2) Will Gov. Heineman deny this route since it still crosses the Aquifer since that was his reason for asking Pres. Obama to deny the pipeline permit?
3) Will Gov. Heineman grant TransCanada immediate eminent domain authority, as outlined in LB 1161, or will he amend the law stating TransCanada can not seize Nebraskans land until and if they get a federal permit?
4) If the citizens concerns about negative economic impacts of a spill, corrosive soil in the pipeline path, sandy soil in the pipeline path, risks to water are not properly addressed, will Gov. Heineman deny the pipeline route?
5) Will Gov. Heineman deny the pipeline route based on the very simple fact that the company who wrote the report–HDR–has a clear conflict of interest with TransCanada? And will the governor answer why his staff assisted in writing provisions of LB 1161 that ensured a non-competitive bid process was used to select HDR?
6) The final DEQ report states any spill into the Aquifer will be localized and cleaned up by TransCanada. How will it be cleaned up?
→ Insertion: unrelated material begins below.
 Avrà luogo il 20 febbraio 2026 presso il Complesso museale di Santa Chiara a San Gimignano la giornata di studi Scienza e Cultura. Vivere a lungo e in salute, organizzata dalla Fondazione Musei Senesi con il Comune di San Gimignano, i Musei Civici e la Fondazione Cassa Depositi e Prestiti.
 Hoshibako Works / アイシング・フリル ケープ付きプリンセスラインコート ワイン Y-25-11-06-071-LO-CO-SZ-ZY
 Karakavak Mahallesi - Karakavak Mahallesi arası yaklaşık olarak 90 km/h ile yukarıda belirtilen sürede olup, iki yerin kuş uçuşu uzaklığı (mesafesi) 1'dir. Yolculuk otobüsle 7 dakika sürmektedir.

How long will it take? Who defines “localized” since experts in Nebraska have stated we have no studies to tell us how a tarsands spill will effect the Aquifer? Additionally, tarsands spills in the Kalamazoo and Yellowstone rivers have shown us how difficult cleaning up tarsands and the chemicals mixed with this substance is in the real world.
Once an aquifer is contaminated, it’s virtually impossible to restore it to its pristine condition, Woldt said. The extent of damage would depend on the size of the spill and on how the dilbit moves within the aquifer.
“Some say it would pollute the Ogallala aquifer a tremendous amount. Others say it wouldn’t be a big deal. I don’t know, because I haven’t found the research that would answer this question,” Woldt said. “I think we’re all operating in a vacuum of information.”
Woldt has tried without success since June 2011 to secure funding for a study modeling the effects of dilbit on the Ogallala aquifer.
Reminder, the route still crosses the Ogallala Aquifer and still crosses the sandy soil. So, two of the major concerns of citizens and elected officials, including Gov. Heineman, Senator Johanns, Rep. Fortenberry and Speaker Flood, have simply not been addressed.